# Task inputs
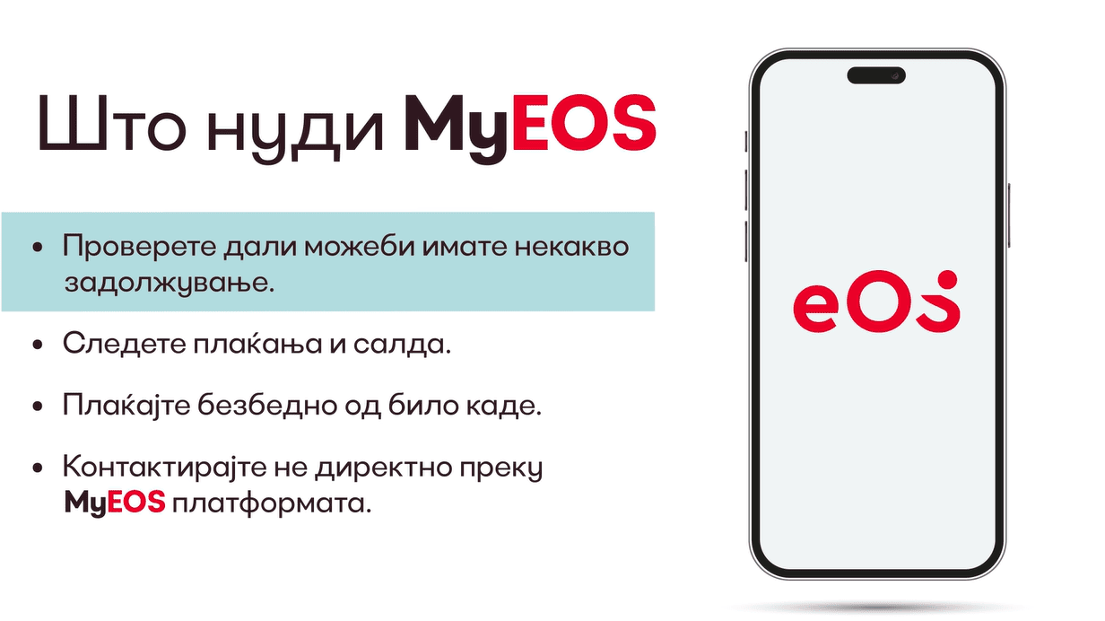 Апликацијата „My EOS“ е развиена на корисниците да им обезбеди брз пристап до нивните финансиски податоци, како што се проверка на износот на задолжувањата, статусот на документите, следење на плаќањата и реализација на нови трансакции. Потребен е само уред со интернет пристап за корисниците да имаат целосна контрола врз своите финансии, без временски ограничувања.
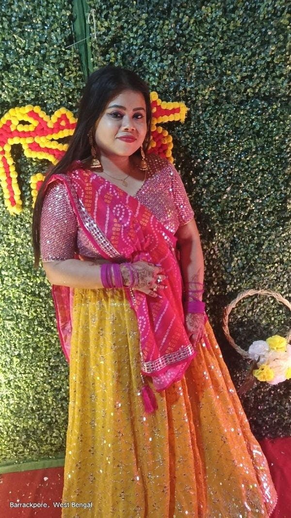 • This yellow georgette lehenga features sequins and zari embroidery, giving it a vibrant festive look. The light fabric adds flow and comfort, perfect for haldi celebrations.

* * *

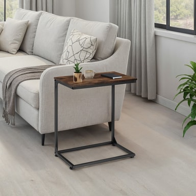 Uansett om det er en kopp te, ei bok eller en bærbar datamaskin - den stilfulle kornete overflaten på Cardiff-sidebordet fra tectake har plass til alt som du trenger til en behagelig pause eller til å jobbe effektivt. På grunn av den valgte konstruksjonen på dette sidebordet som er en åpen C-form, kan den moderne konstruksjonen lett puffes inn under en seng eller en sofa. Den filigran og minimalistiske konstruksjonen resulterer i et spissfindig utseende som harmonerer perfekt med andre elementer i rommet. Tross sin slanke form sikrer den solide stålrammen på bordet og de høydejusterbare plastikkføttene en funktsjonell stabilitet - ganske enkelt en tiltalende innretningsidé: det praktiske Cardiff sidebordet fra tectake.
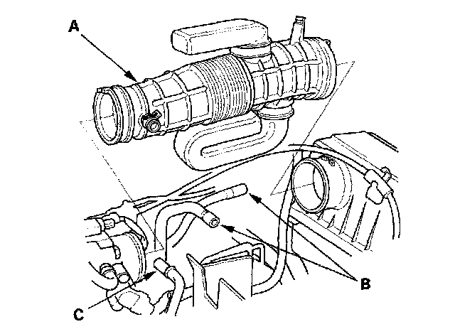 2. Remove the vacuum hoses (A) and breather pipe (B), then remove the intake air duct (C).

# What needs to be done
Print exactly, with no pictures, the lines above from the one that holds "без временски ограничувања." through the one that holds "for haldi celebrations.", both of them included.

# Response for this exercise
 Апликацијата „My EOS“ е развиена на корисниците да им обезбеди брз пристап до нивните финансиски податоци, како што се проверка на износот на задолжувањата, статусот на документите, следење на плаќањата и реализација на нови трансакции. Потребен е само уред со интернет пристап за корисниците да имаат целосна контрола врз своите финансии, без временски ограничувања.
 • This yellow georgette lehenga features sequins and zari embroidery, giving it a vibrant festive look. The light fabric adds flow and comfort, perfect for haldi celebrations.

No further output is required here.